Would you repeat word for word the lines of the listing that follows, from the one with "4月17日17時38分,在惠城區橋東市場,停放電動車的格子上被擺上了青菜售賣。" up to and including the one with "У меня стоит", and leave out the images?

__Records provided__
—————

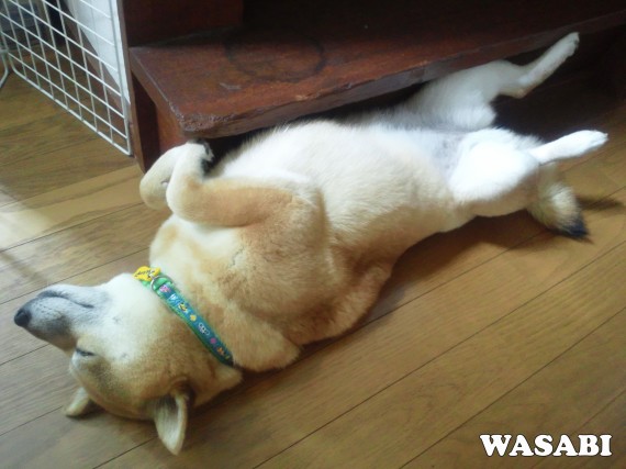 この時期のわさびは、この階段下のフローリングがお気に入り。
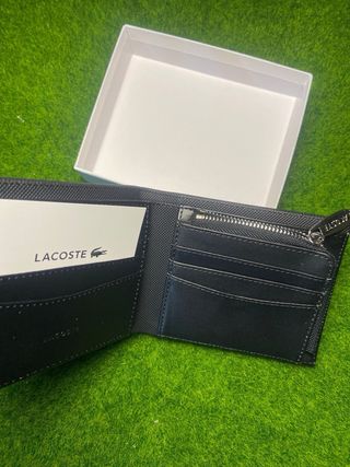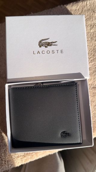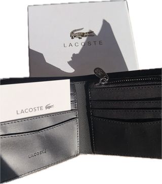 Elegante cartera de la marca Lacoste en color negro. Presentada en su caja original. - Diseño clásico y funcional. - Acabado texturizado.
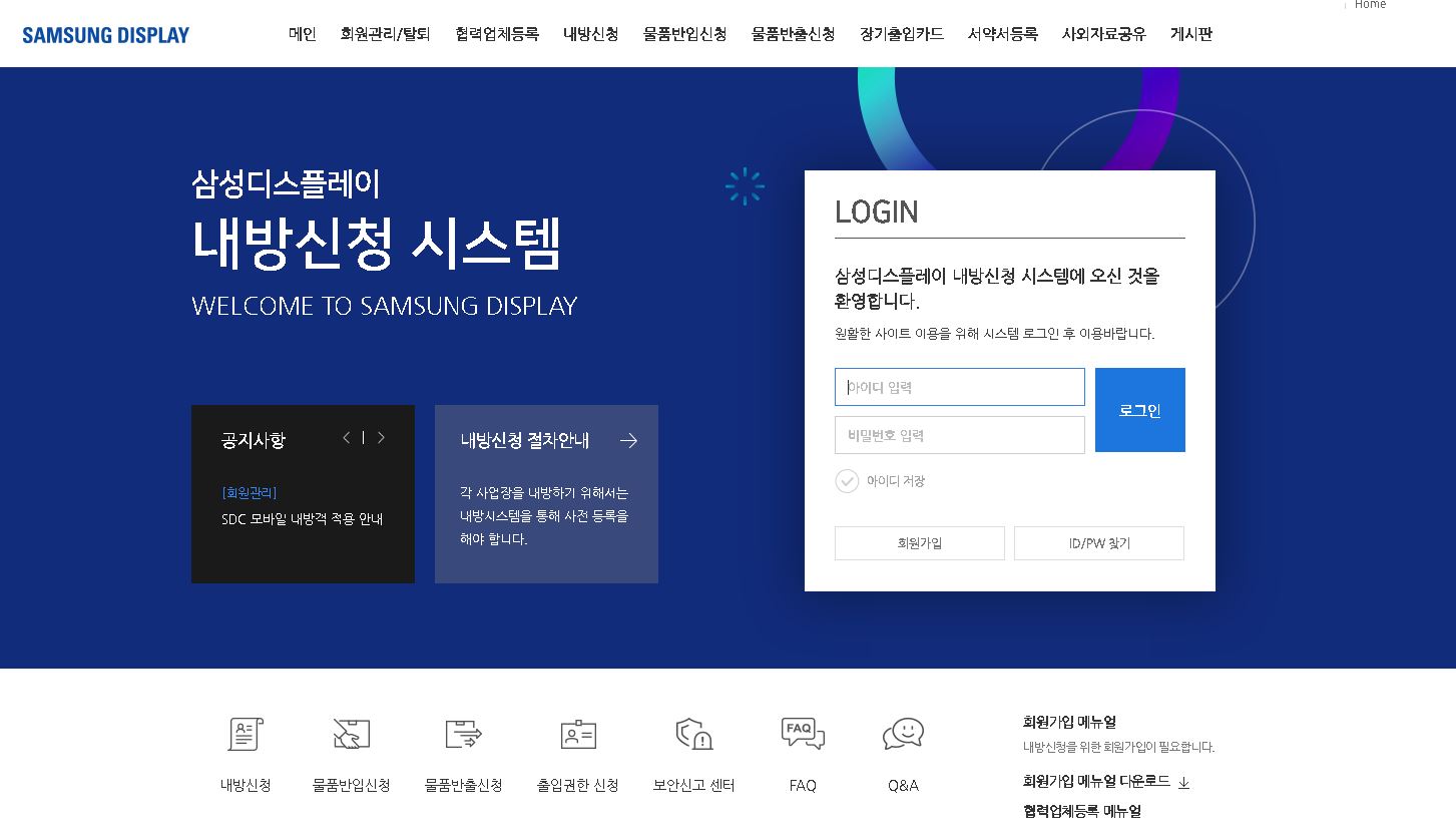 삼성디스플레이 내방신청 시스템 (guest.samsungdisplay.com)
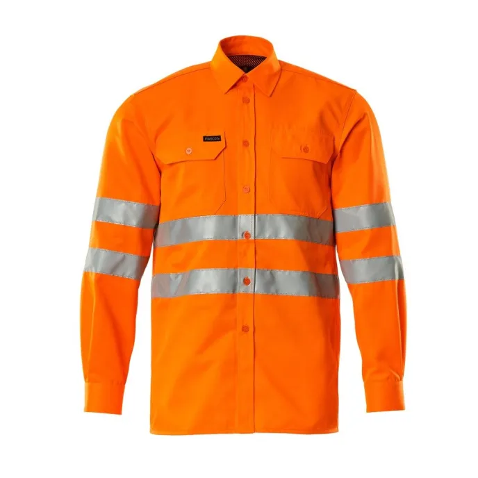 Camicia da lavoro alta visibilità Jona firmata Mascot, dotata di vestibilità ampia e comoda, maniche e lati rinforzati con doppia cucitura, chiusura con bottoni, collo rigido, tasche sul petto con pattina, porta-penne, soffietto sulla schiena con ventilazione, ha aperture rinforzate per ventilazione maniche, polsino con bottone. Nomativa: EN ISO 20471.
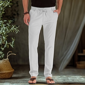 男性用 リネンパンツ ズボン サマーパンツ ビーチパンツ ドローストリング 弾性ウエスト まっすぐな足 平織り 履き心地よい 高通気性 全長 カジュアル 日常 祝日 旅行度假风 ファッション ホワイト スカイブルー
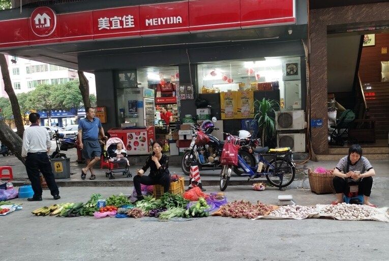 4月17日17時38分,在惠城區橋東市場,停放電動車的格子上被擺上了青菜售賣。
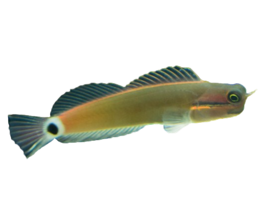 The Tailspot Blenny is a small, charming fish known for its vibrant appearance, with a distinctive black spot on its tail and a colorful body that ranges from brown to yellowish hues. This active and curious species is often found darting in and out of rock crevices, where it seeks shelter and hunts for small invertebrates. Tailspot Blennies are peaceful and make excellent additions to reef tanks, as they help control algae growth by grazing on algae. They are hardy and relatively easy to care for, but they prefer a well-established tank with plenty of hiding spaces. Their playful nature and unique looks make them a popular choice for marine aquariums.
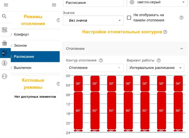У меня стоит дневное в расписании. Там же ниже графы- Комфорт, а температура +22 с 0 до 24 часов.Дачник77 писал(а): 19 дек 2024, 18:43 Спасибо! Направление понятно.
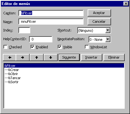 Les opcions de menú, que creareu clicat amb el botó dret en el formulari i en el menú contextual que apareix escollireu la opció, Editor de menús... . ![]() ![]() són les següents:

—————

__Problem solution__
 4月17日17時38分,在惠城區橋東市場,停放電動車的格子上被擺上了青菜售賣。
 The Tailspot Blenny is a small, charming fish known for its vibrant appearance, with a distinctive black spot on its tail and a colorful body that ranges from brown to yellowish hues. This active and curious species is often found darting in and out of rock crevices, where it seeks shelter and hunts for small invertebrates. Tailspot Blennies are peaceful and make excellent additions to reef tanks, as they help control algae growth by grazing on algae. They are hardy and relatively easy to care for, but they prefer a well-established tank with plenty of hiding spaces. Their playful nature and unique looks make them a popular choice for marine aquariums.
У меня стоит дневное в расписании. Там же ниже графы- Комфорт, а температура +22 с 0 до 24 часов.Дачник77 писал(а): 19 дек 2024, 18:43 Спасибо! Направление понятно.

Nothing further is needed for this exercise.